For the ocular system to function under perfect conditions, the rays of light must travel through it correctly, passing through the cornea and the lens to focus on the macula, a specific area of the retina. This ensures clear vision. Also, thanks to the pupil, the eye is equipped to control the amount of light which enters based on requirements: when there is little light, the pupil dilates, and when there is a lot of light, the pupil contracts.
When this balance is achieved, the eye is considered “emmetropic”. If not, the images become blurry and the eye is referred to as “a
mmetropic”. There are different types of a mmetropia and refractive defects.
Diagram of an EMMETROPIC eye, with normal axial length, with rays which enter in parallel and focus on a single point on the retina. Example:
Myopia is a refractive defect which occurs when images focus in front of the retina instead of on it. As a result, distance vision is affected because the images come out blurry. The reasons for which this lack of focus can occur are either because the eyeball is too long (long axial length) or because the surface of the ocular systems (cornea or lens) are too curved.
Today, one of the most commonly used options to permanently resolve myopia is Laser surgery, although the specific technique used depends on the eye of each patient. Through this procedure highly satisfactory and immediate results are achieved. Another solution is phakic intraocular lenses
Diagram of a MYOPIC eye, with long axial length, with rays which enter in parallel and focus in front of the retina.
Hypermetropia occurs when the rays of light which enter the eye cross at a point behind the retina, which causes blurriness especially with near objects. The causes of this lack of focus are either because the eye is too short (short axial length) or because the ocular surfaces (cornea and lens) have too flat a curve. This refractive defect is often not detected because, depending on the age and severity of the hypermetropia, the eye can compensate using the accommodation of the lens, although this ability is lost over time. Therefore in some cases, blurriness is not the only indication of Hypermetropia. Other symptoms include headaches, eye irritation or tiredness; due to the eye’s constant effort during accommodation to achieve clear vision.

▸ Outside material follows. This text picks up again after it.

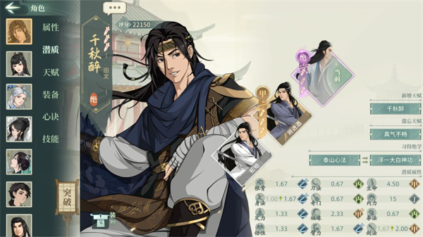 没什么好说的,自带武学很拉胯,但是本身面板很优秀,自带不动明王,但是会喝假酒,也是个优秀的载体,长荒藏渊太极剑都可。

Laser surgery is a technique which works well for less severe cases of hypermetropia. There are other options such as phakic intraocular lenses
s when the refractive defect is more severe, or even pseudophakic lenses which replace the crystalline lens, recommended for patients aged 45 and over.

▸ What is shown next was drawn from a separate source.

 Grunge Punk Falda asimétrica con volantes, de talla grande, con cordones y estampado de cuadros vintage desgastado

Diagram of a HYPERMETROPIC eye, with short axial length, with rays which enter in parallel and focus behind the retina.
Astigmatism is a refractive defect which causes a distortion of images, affecting vision at all distances. It can occur on its own or combined with myopia or hypermetropia. It is caused by the different curvatures of the cornea. The latter tends to be oval in shape, and this irregularity causes a lack of focus to a greater or lesser extent. The rays of light which pass through the eyeball do not focus on a specific place but on different points, causing distortion of the image. In most cases, the origin is genetic although it can also appear after a trauma, illness or a surgical operation such as a cornea transplant for example.

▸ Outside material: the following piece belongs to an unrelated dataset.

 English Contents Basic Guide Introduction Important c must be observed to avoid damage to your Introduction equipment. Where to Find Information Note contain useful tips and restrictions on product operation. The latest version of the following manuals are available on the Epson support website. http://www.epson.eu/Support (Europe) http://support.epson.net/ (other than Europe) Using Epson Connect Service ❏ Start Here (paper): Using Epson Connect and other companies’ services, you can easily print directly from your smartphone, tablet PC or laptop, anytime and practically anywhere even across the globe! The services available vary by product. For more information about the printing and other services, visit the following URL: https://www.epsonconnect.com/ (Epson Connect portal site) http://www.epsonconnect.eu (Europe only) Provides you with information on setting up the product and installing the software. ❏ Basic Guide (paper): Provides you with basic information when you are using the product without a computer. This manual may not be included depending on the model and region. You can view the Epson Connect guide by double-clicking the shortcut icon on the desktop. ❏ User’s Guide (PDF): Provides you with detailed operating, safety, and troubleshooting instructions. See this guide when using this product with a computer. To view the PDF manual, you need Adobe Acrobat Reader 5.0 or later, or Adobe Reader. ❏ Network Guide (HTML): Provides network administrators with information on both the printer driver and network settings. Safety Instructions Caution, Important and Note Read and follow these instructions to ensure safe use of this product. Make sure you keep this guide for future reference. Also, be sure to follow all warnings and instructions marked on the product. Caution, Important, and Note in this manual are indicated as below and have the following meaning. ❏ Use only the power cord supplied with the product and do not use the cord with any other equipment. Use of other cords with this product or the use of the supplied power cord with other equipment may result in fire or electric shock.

Depending on the degree of astigmatism, it can manifest itself in different ways. If it is a minor case and is not accompanied by another refractive defect, it is highly likely that the patient will not suffer blurriness but will experience headaches, eye pain or dizziness after performing up-close tasks over a long period of time. In more severe cases however, vision will be reduced and distorted.
Today there are surgical techniques to correct astigmatism. As is the case with myopia and hypermetropia, it can be corrected through Laser surgery provided that the degree of astigmatism is not very severe, and depending on whether it is or is not associated to myopia or hypermetropia. Also available are toric intraocular lenses, which can be phakic (implanted between the cornea and the crystalline lens) or pseudophakic (which replace the crystalline lens). These are often used to correct severe astigmatism or astigmatism in conjunction with another refractive defect.
Diagram of the eye with ASTIGMATISM, normal axial length, with rays which enter in parallel and focus on different points (for example, one in front of the retina and another behind the retina).
In normal conditions, to be able to focus on objects in near vision, we subconsciously use what is called “accommodation”. This is the lens’ ability to focus and defocus on objects according to requirements. Presbyopia is the loss of this ability to focus on near objects and is related to age. The lens deteriorates over time and hardens, losing the ability to change its shape to achieve clarity in objects. This begins to appear from the age of 40-45. The lens loses its accommodative capacity over time which ultimately causes this blurriness. This is a gradual process which usually stops at around 60 years of age and happens naturally. Common symptoms are a loss of the ability to see very small letters, headaches, letters which “join together” or the inability to focus up close.